Will Meyrick in Denpasar 2019
Much of the cart food is fried foods “Gorengan” ayam goreng, tempe goreng, tahu isi, that customers buy on the go, they don’t have stools or tables around them. Bakso carts do travel though , rolling through neighbourhoods serving out their meal-in-a-bowl soups to customers that eat standing at the cart, handing back the bowl when they have finished.

It’s the Warungs that are really serving what could best be described as street food and their story is one that gives a clear, cultural understanding of the archipelago and the Southern China Sea trade routes in its telling

WITH RINRIN MARINKA
The balances of spices, herbs and the long cooking of less than prime cuts of meat in order to use all available ingredients, think chicken feet, short cut rib bones, dried fish or fermented pastes and soy cakes also demand a knowledge and a passion to create so it makes sense that the women, with families to take care of, would open up the front of their homes from where they could serve their loyal customers.
In Bali many will have been introduced to the warungs through the Padang and Minangkabau style establishments that serve daily dishes from large bowls arranged on shelves in front of a window, often protected from the heat and dust of the street and flies by a gauze curtain.

Here whole small fish, chunks of beef, bowls of deep red sauces and bright green sambals along with bite sized parcels of stuffed tofu and stringy, deep green kang kung sit at room temperature waiting to be served around a steaming mound of rice. This is the home cooking of coastal and mountain West Sumatra.

The Minangkabau warungs were established originally to feed the generations of young men who, according to cultural tradition, leave their homes to make their way in the world and marry out , thus ensuring the continued extension of their tribe.

Warungs provide for vast numbers of ‘homesick’ and help them maintain links with their traditions through the provision of ‘home’ foods. In Medan Northern Sumatra the large community of Tamils celebrate their festivals of Durga Puja, Gandhi Jayanti, Independence Day and Republic Day with aromatic Biryani dishes, Malabar curries and soft pancake-like dosas.

The Afghans and Yemeni’s introduced the cumin flavoured rice of Nasi Kabuli and beautifully grilled goat meats, while the Chinese brought in rice noodles, the dumplings and the Siew Mai dishes, served with peppery, chili fired soups and the Malay diaspora brought with them the delicate karis, or curries, creamy with coconut milk lifted with lemongrass and galangal to keep their communities of traders, itinerant field, plantation and dock workers eating well.

This is what makes Indonesian food so interesting, complex and fascinating because to add to the fabric of this culinary anthropological puzzle insular, indigenous communities contribute their own dishes to the kaleidoscope.

Warungs often appear to have sprung from the private homes of the women who prepare and serve the food of their birth place, and they do this with pride. The style of food preparation in the archipelago , based, as it is, on limited resources, requires preparation time and a commitment  to create the best possible dishes.
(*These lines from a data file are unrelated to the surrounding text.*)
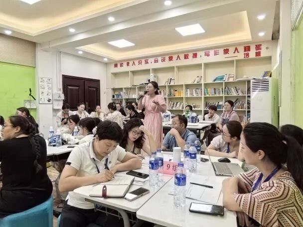 課堂觀察引發(fā)思考后,涼水井學(xué)校的導(dǎo)師們通過主題報(bào)告與互動(dòng)研討,系統(tǒng)闡述活動(dòng)設(shè)計(jì)的育人目標(biāo)與教育理念精髓。廣豐區(qū)研學(xué)團(tuán)隊(duì)積極提問探討,與導(dǎo)師深度對(duì)話,在思想碰撞中深化對(duì)“新生體驗(yàn)營”模式的理解。
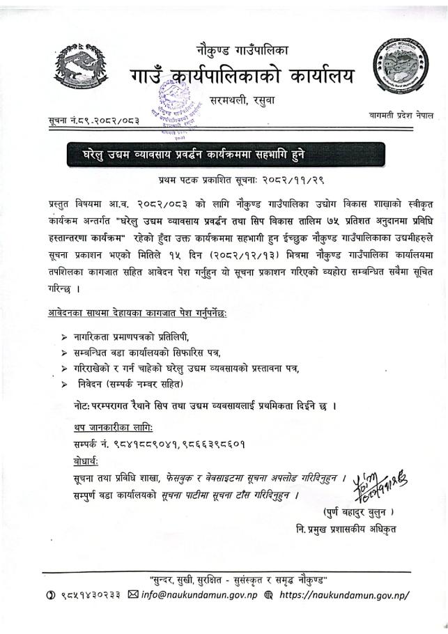 घरेलु उद्यम व्यावसाय प्रवर्द्धन कार्यकममा सहभागि हुने सूचना ।
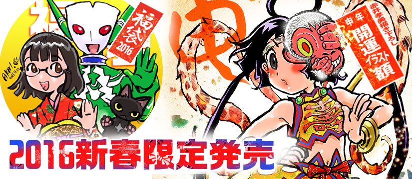米子ガイナックスのショップ「ゼネプロアルファー」では、2016年(平成28年)の新春限定商品として、「福袋2016」と「申年開運イラスト額」を販売しています。ネットショップの他、のリアルショップ「ゼネプロアルファー」(米子市角盤町)と「ガイナックスシアター」(同市末広町)でも販売します。 (12/31修正)
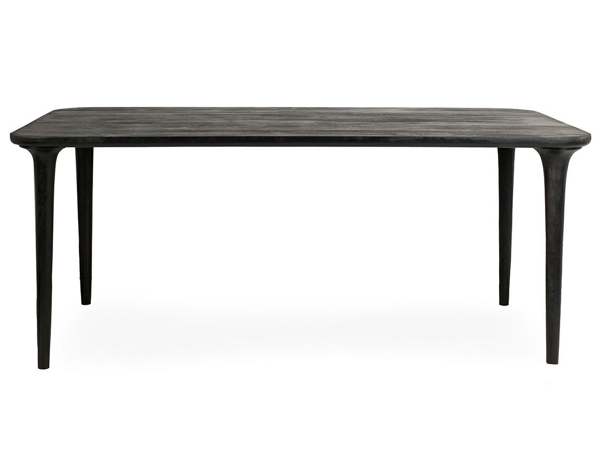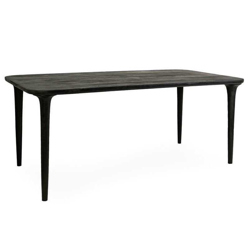 Model LAMINAR dostępny w dwóch rozmiarach, z czarnym blatem i drewnianą podstawą. Idealny do różnych wielkości jadalni, łączy nowoczesność z przytulną estetyką naturalnego drewna.
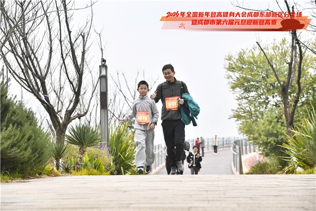 “这是我第三次在丹景台参加新年登高,今年报名了新增的亲子定向。主办方考虑很周到,给我们提供了酒店景点优惠,我们一家昨天就住过来了。今天孩子一路都很兴奋,既锻炼了身体,又体验了世运项目,一会儿我们还计划去三岔湖看红嘴鸥!”来自成都的李翔带着8岁的儿子完赛后,脸上洋溢着幸福的笑容。首次参赛的王萌萌是和朋友一块报名的登高挑战组,在终点重冲线后,激动地说:“赛道沿途风景太美了,用这样健康的方式迎接新年,特别有意义,一会儿我们还要去喝东部新区特色羊肉汤。”
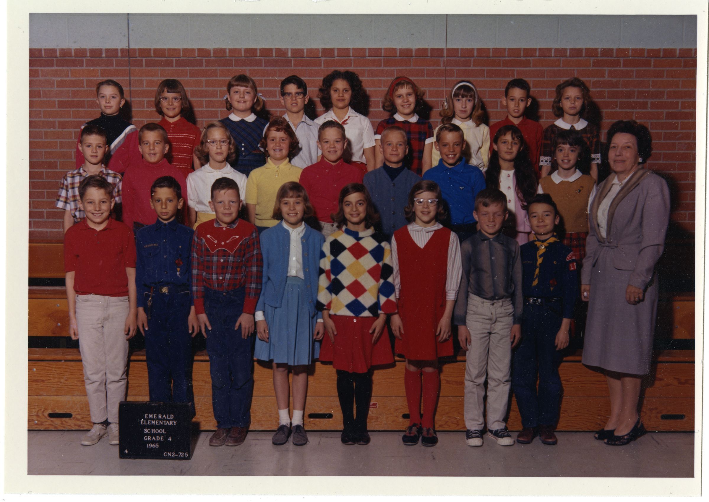 Color photograph print of a 4th grade class at Emerald Elementary School, 1965. The print (2017.18.5a) is 5" x 7," framed in a larger matte autograph card (2017.18.5b). The image shows 26 students in three rows posing in front of collapsed wooden gym bleachers, presumably at the school. The teacher, identified as "Mrs. Miller" by the photograph's original owner, Sharon Campbell (nee Sauter), is standing to the right. Sharon is standing five from the left in the back row.

From the isolation of mountainous Toraja and the bamboo filled meats and spices that takes hours of cooking over smoking coconut husks  to the far flung Eastern Island culture where refrigeration is scarce and food is best prepared daily by the local warung utilising the daily catch and the slim pickings of arid grown corns, greens and chilies and everywhere in between the Indonesian internally displaced rely on Warungs for a connection to their place of birth.

Ibu-ibu secrets

And here from a tale of culinary adventure, we move into one that illustrates the character of Indonesia, and certainly its women. In my travels across almost the entire country, I have learned that the women of warungs are highly regarded in their community.

They are revered for their consistent provision of the best tasting foods from ‘home’, they build up their reputation so much so that they run sometimes two or more warungs under strict supervision with only a handful of helpers, often members of the extended family, who keep the valued recipes of the dishes under tight lock and key.

And I am not joking, I once tried to extract some information from a Bukit Tinggi matriarch who demanded I offer her my car in exchange!

There are male warung owners too, but not as many, the previously mentioned Yemini community have male dominated kitchens while many years ago a  Chinese immigrant arriving in Jakarta began a small noodle stall that now has over 20 branches run by the original owner’s family.

Warungs truly are the grassroots of Indonesia’s culture, they tell the history, they show the tenacity of the island’s women and they illustrate clearly the very real nature of community in a continent that spans from the tips of Malaysia and Singapore to the highlands of Papua and encompasses over 13,000 islands.

My recommendation to anyone at all interested in discovering Indonesia is to spend time in these wonderful places, always look at the ones that are busy, pay no heed to the decor and jump in.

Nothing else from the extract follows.